_HOW TO COMPLETE THIS TASK_
Restate exactly the lines of the entries below, beginning with the first and ending with the line that holds "តារាសម្ដែងប្រុសសិង្ហបុរី Ayden Sng". Pictures are not copied.

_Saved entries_
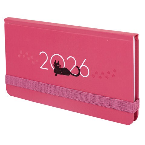 Еженедельник датированный 2026 с резинкой 171х93 мм, BRAUBERG, твердый, УФ-ЛАК, 64 л., "Кот", 117349
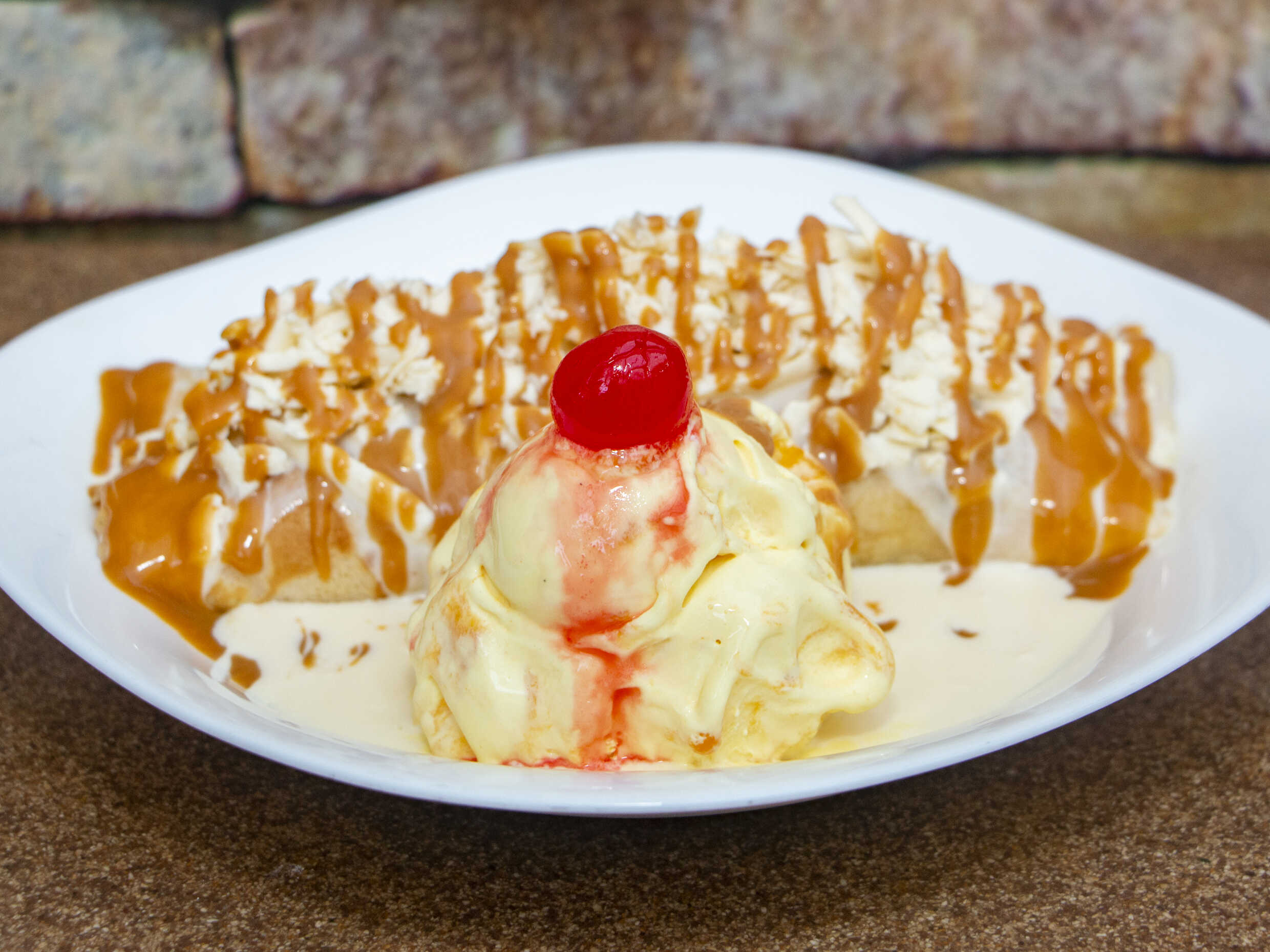 Tres sabores de helado, salsa de arequipe, barquillo, elegir: maní, queso o arroz achocolatado (crispy).
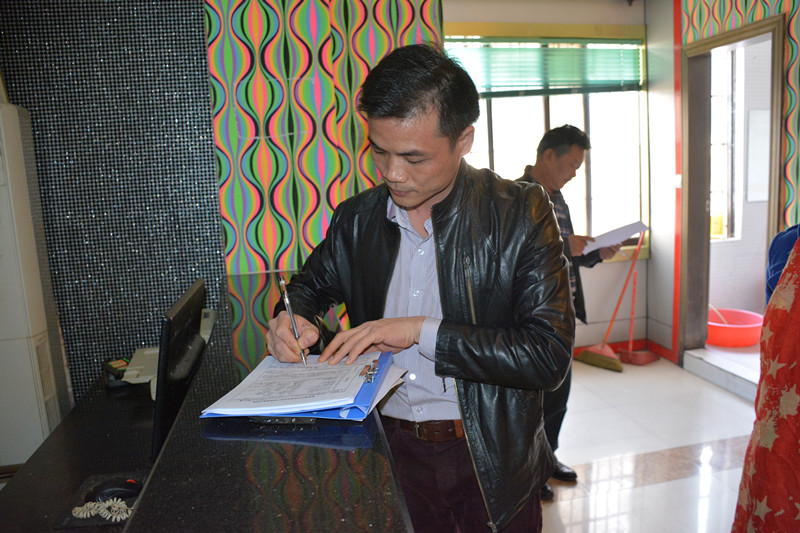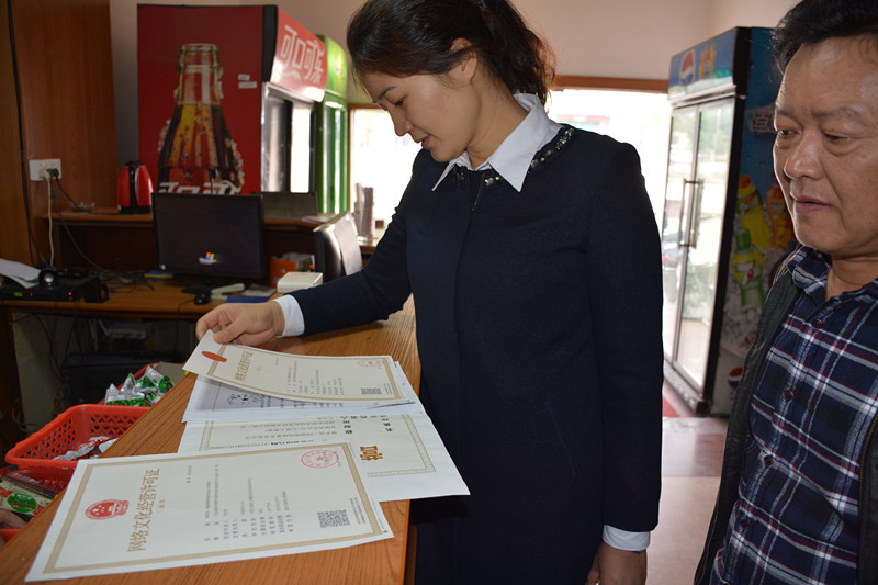 鎮(zhèn)人大主席趙誼莉同志查看文化經(jīng)營場所的營業(yè)許可、文化許可、消防安全等執(zhí)照。
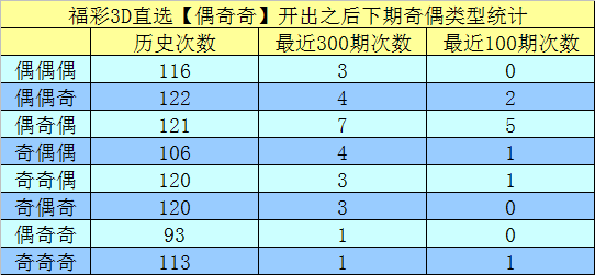 前7次出现偶奇奇类型奖号分别为:037、299、411、853、477、417、259,其下期分别开出奖号:643、870、292、954、070、663、298。
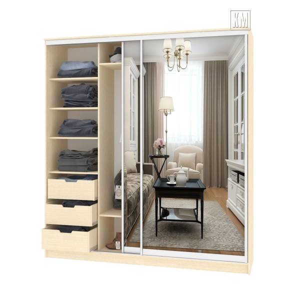 Фабричный шкаф-купе с шухлядами. Габариты: 1200x2200x600 мм.
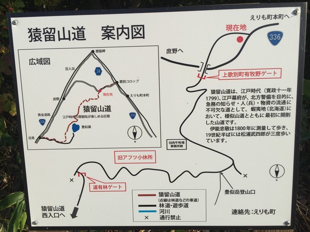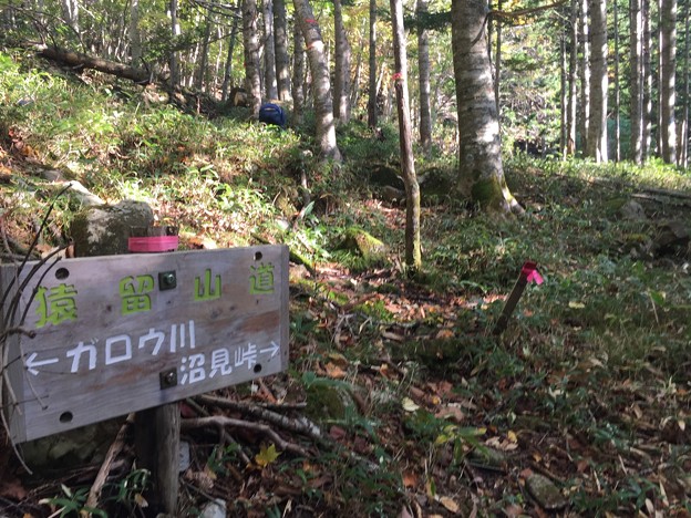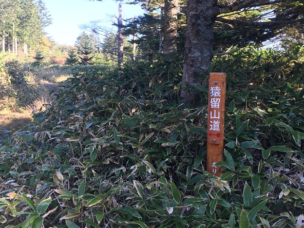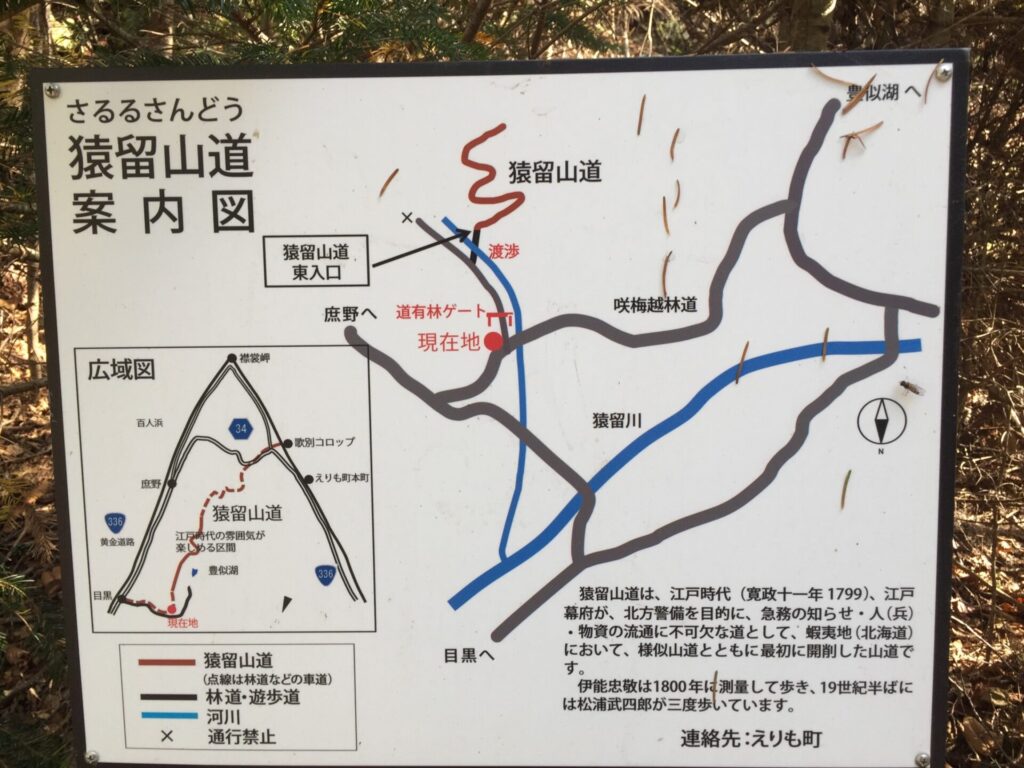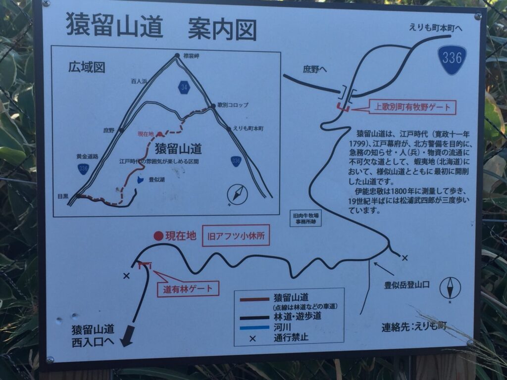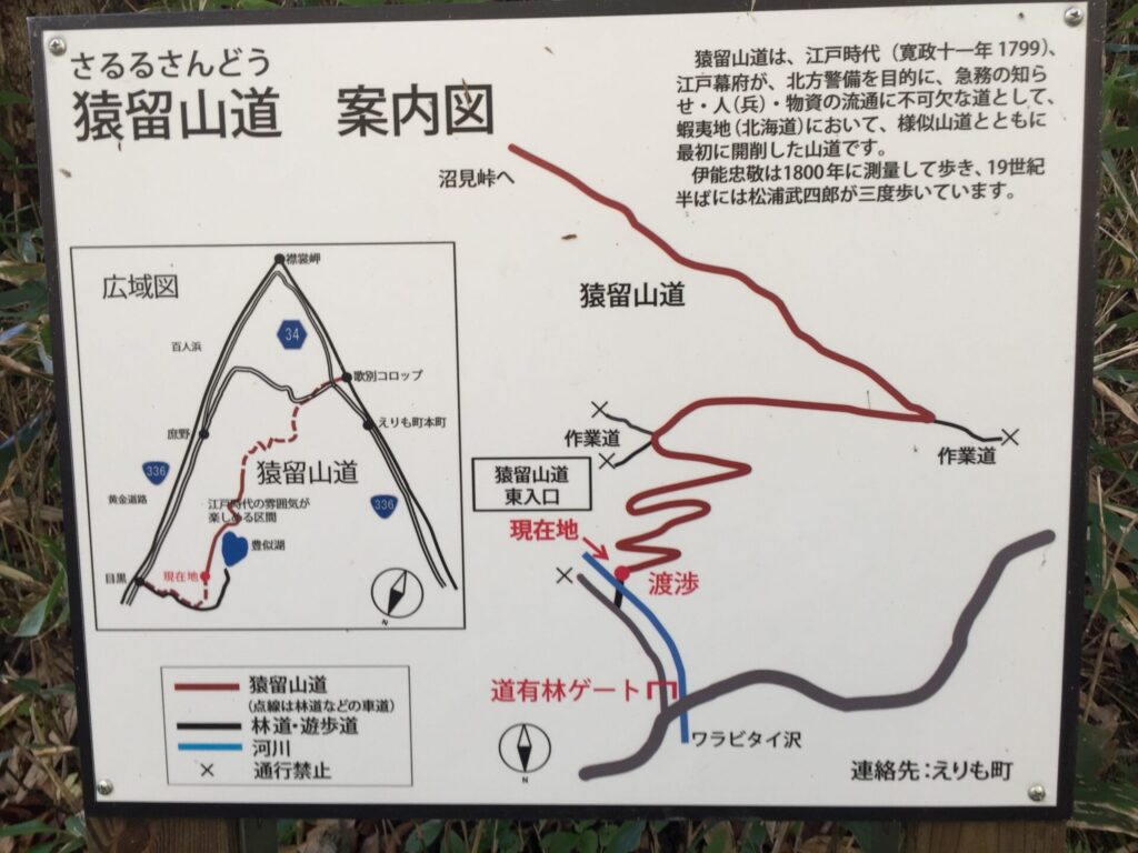 ▼突然、猿留山道の案内板が! なるほど、地図の人道が猿留山道だったのか。
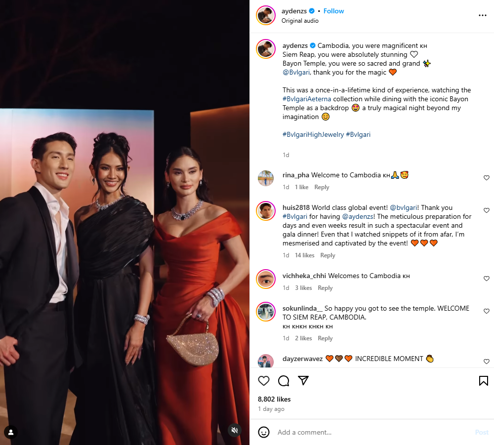 តារាសម្ដែងប្រុសសិង្ហបុរី Ayden Sng វិញបានសរសេររៀបរាប់ថា៖ “កម្ពុជាអ្នកអស្ចារ្យណាស់!សៀមរាប អ្នកពិតជាអស្ចារ្យមែន! ប្រាសាទបាយ័ន អ្នកពិតជាពិសិដ្ឋ និងអស្ចារ្យណាស់។ អរគុណ @Bvlgari សម្រាប់កម្មវិធីដ៏អស្ចារ្យនេះ។ នេះជាបទពិសោធន៍ដ៏មានតម្លៃមួយក្នុងជីវិត ទស្សនាការបង្ហាញម៉ូដ #BvlgariAeterna ទទួលទានអាហារដោយមានទិដ្ឋភាពប្រាសាទបាយ័នខាងក្រោយ ពិតជារាត្រីដ៏អស្ចារ្យហួសពីការស្មានរបស់ខ្ញុំ។ អរគុណរដ្ឋាភិបាលកម្ពុជា និង @Bvlgari ដែលធ្វើឱ្យព្រឹត្តិការណ៍នេះកើតឡើង”។
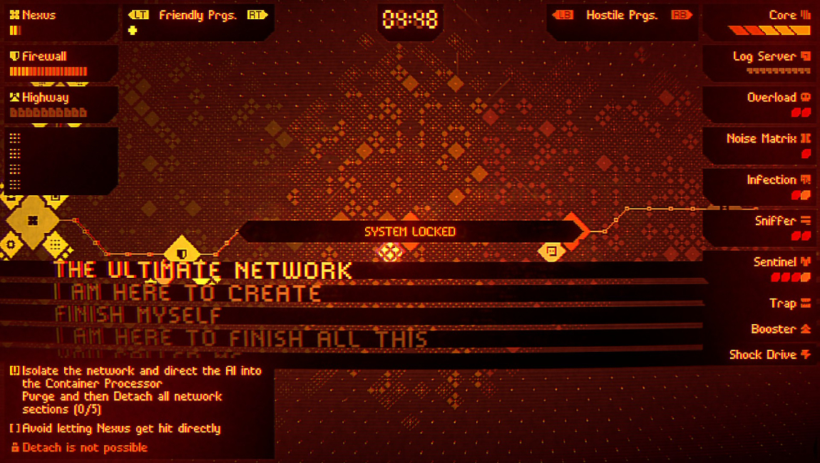 The game sells the illusion of being a hacker. Multitasking tasks such as deleting and downloading data while you bypass several security systems and removing multiple attacks are immersive. As I played most of the game with a keyboard, I felt like Stanley Jobson (Hugh Jackman) from the film Swordfish. It does recommend you use a controller, and I found that by the last few drops, a controller is a necessity.

_TASK SOLUTION_
 Еженедельник датированный 2026 с резинкой 171х93 мм, BRAUBERG, твердый, УФ-ЛАК, 64 л., "Кот", 117349
 Tres sabores de helado, salsa de arequipe, barquillo, elegir: maní, queso o arroz achocolatado (crispy).
 鎮(zhèn)人大主席趙誼莉同志查看文化經(jīng)營場所的營業(yè)許可、文化許可、消防安全等執(zhí)照。
 前7次出现偶奇奇类型奖号分别为:037、299、411、853、477、417、259,其下期分别开出奖号:643、870、292、954、070、663、298。
 Фабричный шкаф-купе с шухлядами. Габариты: 1200x2200x600 мм.
 ▼突然、猿留山道の案内板が! なるほど、地図の人道が猿留山道だったのか。
 តារាសម្ដែងប្រុសសិង្ហបុរី Ayden Sng វិញបានសរសេររៀបរាប់ថា៖ “កម្ពុជាអ្នកអស្ចារ្យណាស់!សៀមរាប អ្នកពិតជាអស្ចារ្យមែន! ប្រាសាទបាយ័ន អ្នកពិតជាពិសិដ្ឋ និងអស្ចារ្យណាស់។ អរគុណ @Bvlgari សម្រាប់កម្មវិធីដ៏អស្ចារ្យនេះ។ នេះជាបទពិសោធន៍ដ៏មានតម្លៃមួយក្នុងជីវិត ទស្សនាការបង្ហាញម៉ូដ #BvlgariAeterna ទទួលទានអាហារដោយមានទិដ្ឋភាពប្រាសាទបាយ័នខាងក្រោយ ពិតជារាត្រីដ៏អស្ចារ្យហួសពីការស្មានរបស់ខ្ញុំ។ អរគុណរដ្ឋាភិបាលកម្ពុជា និង @Bvlgari ដែលធ្វើឱ្យព្រឹត្តិការណ៍នេះកើតឡើង”។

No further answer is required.